Transcribe every line of the material below exactly, leaving out the pictures.

◆ **Information provided**:
# # # #

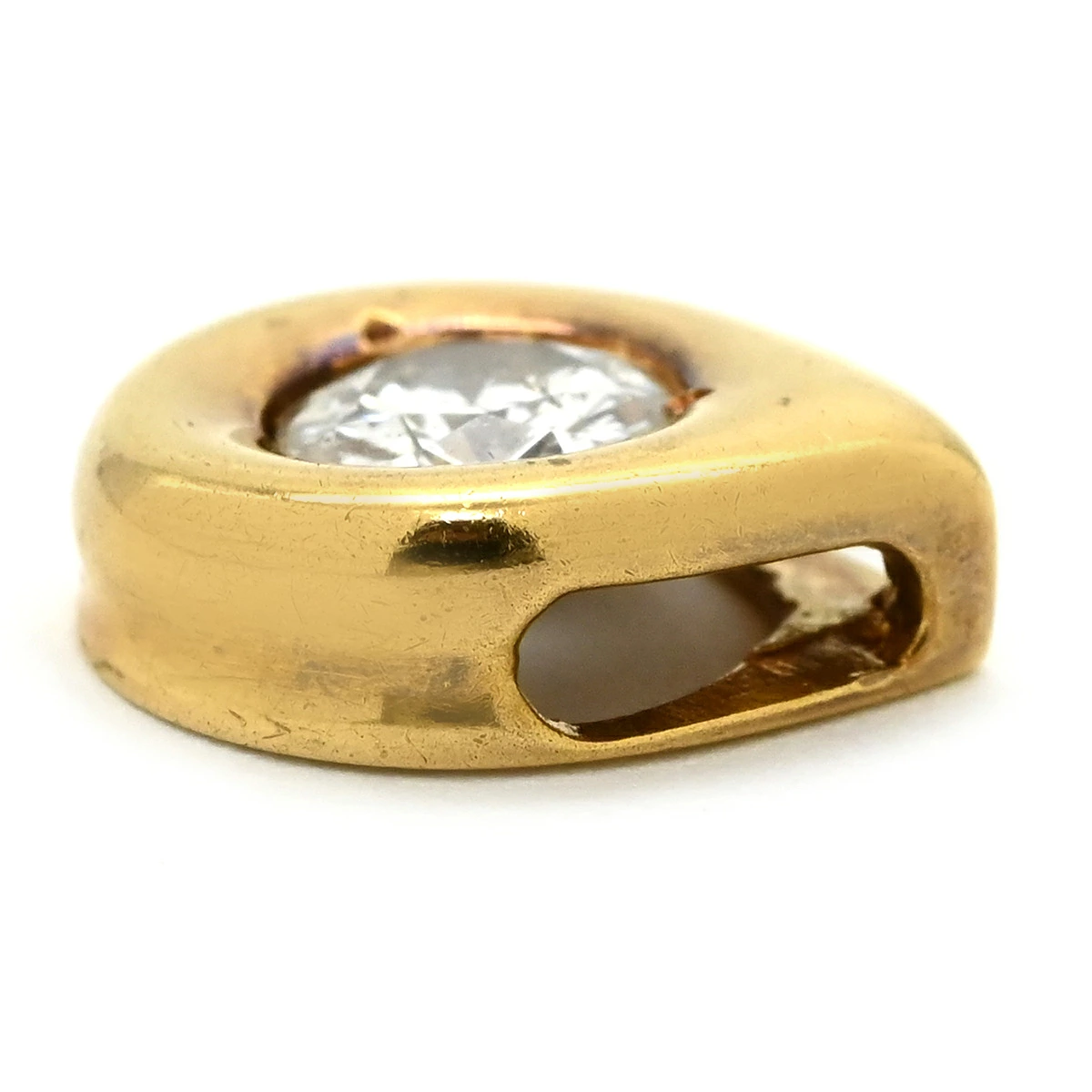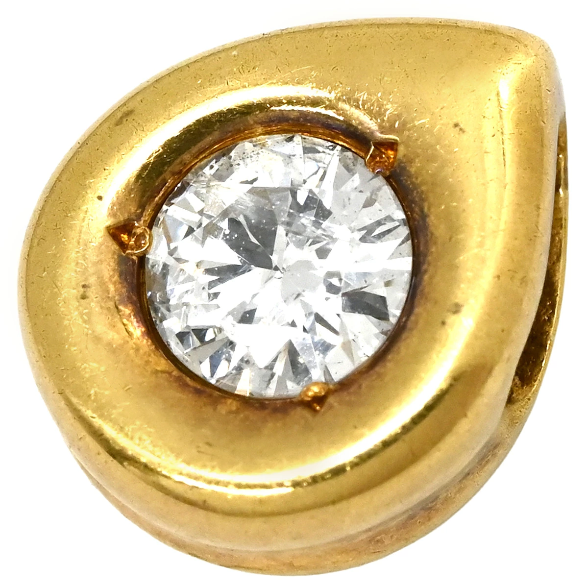 Pre-owned yellow gold pendant head (Au750, 18K gold), featuring a single diamond and a teardrop shape.
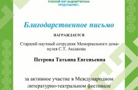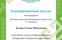 Учащиеся и педагоги выразили благодарность научному сотруднику Дома музея С.Т.Аксакова Татьяне Петровой за увлекательные занятия, способствовавшие развитию творческой личности детей.
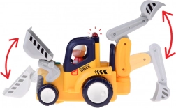Model nabízí automatický režim s funkcí „udeř a jeď“ pro samostatný pohyb a režim dálkového ovládání s dvousměrným ovladačem. Pohyblivá přední lžíce a kloubové výkopové vědro spouštějí realistické zvuky. Součástí je i figurka řidiče (aktivuje jízdu se zvukem a světly) a malý míček pro ještě více herních možností.
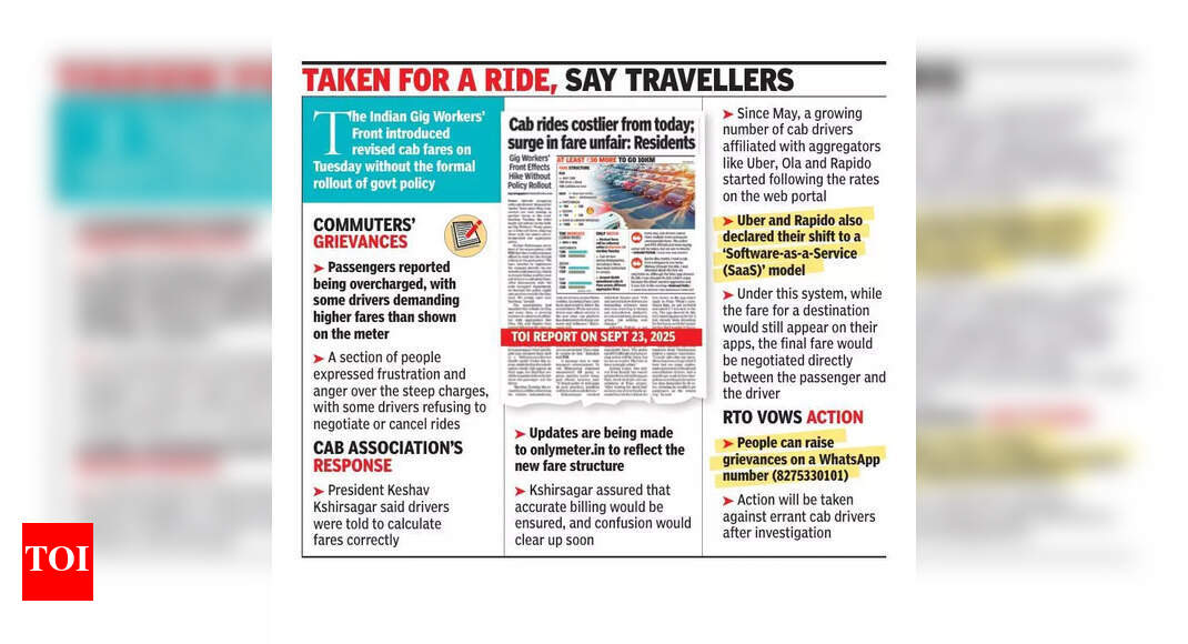 पुणे: भारतीय गिग वर्कर्सच्या आघाडीने आणलेल्या नवीन कॅब भाड्याने प्रवाशांना असंतोष निर्माण केला आणि अनेकांना गोंधळ आणि स्टिकर शॉकच्या चकमकात प्रवेश केला. उंच शुल्कामुळे हद्दपार करण्याशी तुलना केली गेली आहे, परिणामी ड्रायव्हर्स आणि प्रवाशांमध्ये ज्वलंत एक्सचेंज होते.भारतीय गिग वर्कर्स फ्रंट या कॅब असोसिएशनने मंगळवारी सुधारित भाडे उधळले आणि त्यांना राज्यातील अद्याप-बेवकूफ-नेवी असलेल्या कॅबाग्रेटर पॉलिसीशी संरेखित केले. राष्ट्राध्यक्ष केशव क्षिरसागर यांच्या नेतृत्वात असोसिएशनने मे महिन्यात भाडे मोजण्याचे व्यासपीठ एक व्यासपीठ केले होते. पॉलिसीच्या औपचारिक रोलआउटमधील विलंब झाल्यामुळे ते स्वतंत्रपणे नवीन दर स्वतंत्रपणे अंमलात आणण्याचे ठरवतात असे क्षिरसागर म्हणाले.मीटरने 8080० रुपये दाखवले असूनही, कोंडवा येथील आकाश शिंदे यांना पुणे विमानतळापासून वेडस्डे नाईटवर त्याच्या निवासस्थानी कॅब राइडसाठी 430 रुपये आकारण्यात आले. “तीन ड्रायव्हर्सने नकार दिल्यानंतर एका अंतिम सामन्यात सहमती दर्शविली परंतु भाडे सुधारित करण्यात आग्रह धरला. मी नवीन दर सत्यापित करण्याचा प्रयत्न केला, परंतु तो त्याच्या मागणीवर ठाम होता, मला पैसे देण्याशिवाय पर्याय सोडला नाही.कोरेगाव पार्क येथील विक्रम पंतलाही असाच अनुभव होता. “मला घोले रोडला 7 कि.मी.च्या प्रवासासाठी 210 रुपये देण्यास सांगण्यात आले. मी एका महिन्यापूर्वी मी १ 170० रुपयांच्या तुलनेत वाढ केली होती. भाडेवाढीची भाडेवाढ होत नाही आणि ड्रायव्हर्स बेव्हर्सची व्याख्या केली जात नाही,”कोथरुड येथील रहिवासी श्रेयस आपटे, च्युरस्डे सकाळी सुमारे k कि.मी. अंतरावर, एमजी रोडला कॅब बुक केले. “मी सेडानची निवड केली, आणि सुधारित भाडे संरचनेवर आधारित, भाड्याने अॅपमध्ये दर्शविलेल्या 10१० रुपयांच्या तुलनेत बेन सुमारे २0० आणि जुन्या मीटर दराच्या तुलनेत २१२ रुपये असावे. वाटाघाटी करण्यास नकार दिला. जेव्हा मी त्याला राइड रद्द करण्यास सांगितले, तेव्हा त्याने अंतर्भूत केले.सिंहागाद रोड येथील रहिवासी कौस्तव लाल म्हणाले की, ड्राईव्ह्स त्यांच्या स्वत: च्या गणितांच्या आधारे प्रवाशांना अनियंत्रितपणे शुल्क आकारत आहेत आणि कोणतीही प्राधिकरण कारवाई करण्यास कारणीभूत ठरत नाही. ते म्हणाले, “आरटीओ किंवा पोलिसांनाही या घटनांची माहिती आहे का? हे ओव्हर चार्जिंग आहे,” तो म्हणाला.कॅब असोसिएशनचे अध्यक्ष क्षिरसागर म्हणाले की, कॅब ड्रायव्हर्सना भाडे योग्यरित्या मोजण्यास सांगितले गेले होते आणि प्रतिबिंबित करण्यासाठी वेबसाइट (केवळ मीटर.इन) वर अद्यतने केली जात होती. ते म्हणाले, “k कि.मी. अंतर्गत सहलींसाठी, वाहनाच्या प्रकारानुसार किमान भाडे लागू होई

# # # #

◆ **Answer to this task**:
 Pre-owned yellow gold pendant head (Au750, 18K gold), featuring a single diamond and a teardrop shape.
 Учащиеся и педагоги выразили благодарность научному сотруднику Дома музея С.Т.Аксакова Татьяне Петровой за увлекательные занятия, способствовавшие развитию творческой личности детей.
Model nabízí automatický režim s funkcí „udeř a jeď“ pro samostatný pohyb a režim dálkového ovládání s dvousměrným ovladačem. Pohyblivá přední lžíce a kloubové výkopové vědro spouštějí realistické zvuky. Součástí je i figurka řidiče (aktivuje jízdu se zvukem a světly) a malý míček pro ještě více herních možností.
 पुणे: भारतीय गिग वर्कर्सच्या आघाडीने आणलेल्या नवीन कॅब भाड्याने प्रवाशांना असंतोष निर्माण केला आणि अनेकांना गोंधळ आणि स्टिकर शॉकच्या चकमकात प्रवेश केला. उंच शुल्कामुळे हद्दपार करण्याशी तुलना केली गेली आहे, परिणामी ड्रायव्हर्स आणि प्रवाशांमध्ये ज्वलंत एक्सचेंज होते.भारतीय गिग वर्कर्स फ्रंट या कॅब असोसिएशनने मंगळवारी सुधारित भाडे उधळले आणि त्यांना राज्यातील अद्याप-बेवकूफ-नेवी असलेल्या कॅबाग्रेटर पॉलिसीशी संरेखित केले. राष्ट्राध्यक्ष केशव क्षिरसागर यांच्या नेतृत्वात असोसिएशनने मे महिन्यात भाडे मोजण्याचे व्यासपीठ एक व्यासपीठ केले होते. पॉलिसीच्या औपचारिक रोलआउटमधील विलंब झाल्यामुळे ते स्वतंत्रपणे नवीन दर स्वतंत्रपणे अंमलात आणण्याचे ठरवतात असे क्षिरसागर म्हणाले.मीटरने 8080० रुपये दाखवले असूनही, कोंडवा येथील आकाश शिंदे यांना पुणे विमानतळापासून वेडस्डे नाईटवर त्याच्या निवासस्थानी कॅब राइडसाठी 430 रुपये आकारण्यात आले. “तीन ड्रायव्हर्सने नकार दिल्यानंतर एका अंतिम सामन्यात सहमती दर्शविली परंतु भाडे सुधारित करण्यात आग्रह धरला. मी नवीन दर सत्यापित करण्याचा प्रयत्न केला, परंतु तो त्याच्या मागणीवर ठाम होता, मला पैसे देण्याशिवाय पर्याय सोडला नाही.कोरेगाव पार्क येथील विक्रम पंतलाही असाच अनुभव होता. “मला घोले रोडला 7 कि.मी.च्या प्रवासासाठी 210 रुपये देण्यास सांगण्यात आले. मी एका महिन्यापूर्वी मी १ 170० रुपयांच्या तुलनेत वाढ केली होती. भाडेवाढीची भाडेवाढ होत नाही आणि ड्रायव्हर्स बेव्हर्सची व्याख्या केली जात नाही,”कोथरुड येथील रहिवासी श्रेयस आपटे, च्युरस्डे सकाळी सुमारे k कि.मी. अंतरावर, एमजी रोडला कॅब बुक केले. “मी सेडानची निवड केली, आणि सुधारित भाडे संरचनेवर आधारित, भाड्याने अॅपमध्ये दर्शविलेल्या 10१० रुपयांच्या तुलनेत बेन सुमारे २0० आणि जुन्या मीटर दराच्या तुलनेत २१२ रुपये असावे. वाटाघाटी करण्यास नकार दिला. जेव्हा मी त्याला राइड रद्द करण्यास सांगितले, तेव्हा त्याने अंतर्भूत केले.सिंहागाद रोड येथील रहिवासी कौस्तव लाल म्हणाले की, ड्राईव्ह्स त्यांच्या स्वत: च्या गणितांच्या आधारे प्रवाशांना अनियंत्रितपणे शुल्क आकारत आहेत आणि कोणतीही प्राधिकरण कारवाई करण्यास कारणीभूत ठरत नाही. ते म्हणाले, “आरटीओ किंवा पोलिसांनाही या घटनांची माहिती आहे का? हे ओव्हर चार्जिंग आहे,” तो म्हणाला.कॅब असोसिएशनचे अध्यक्ष क्षिरसागर म्हणाले की, कॅब ड्रायव्हर्सना भाडे योग्यरित्या मोजण्यास सांगितले गेले होते आणि प्रतिबिंबित करण्यासाठी वेबसाइट (केवळ मीटर.इन) वर अद्यतने केली जात होती. ते म्हणाले, “k कि.मी. अंतर्गत सहलींसाठी, वाहनाच्या प्रकारानुसार किमान भाडे लागू होई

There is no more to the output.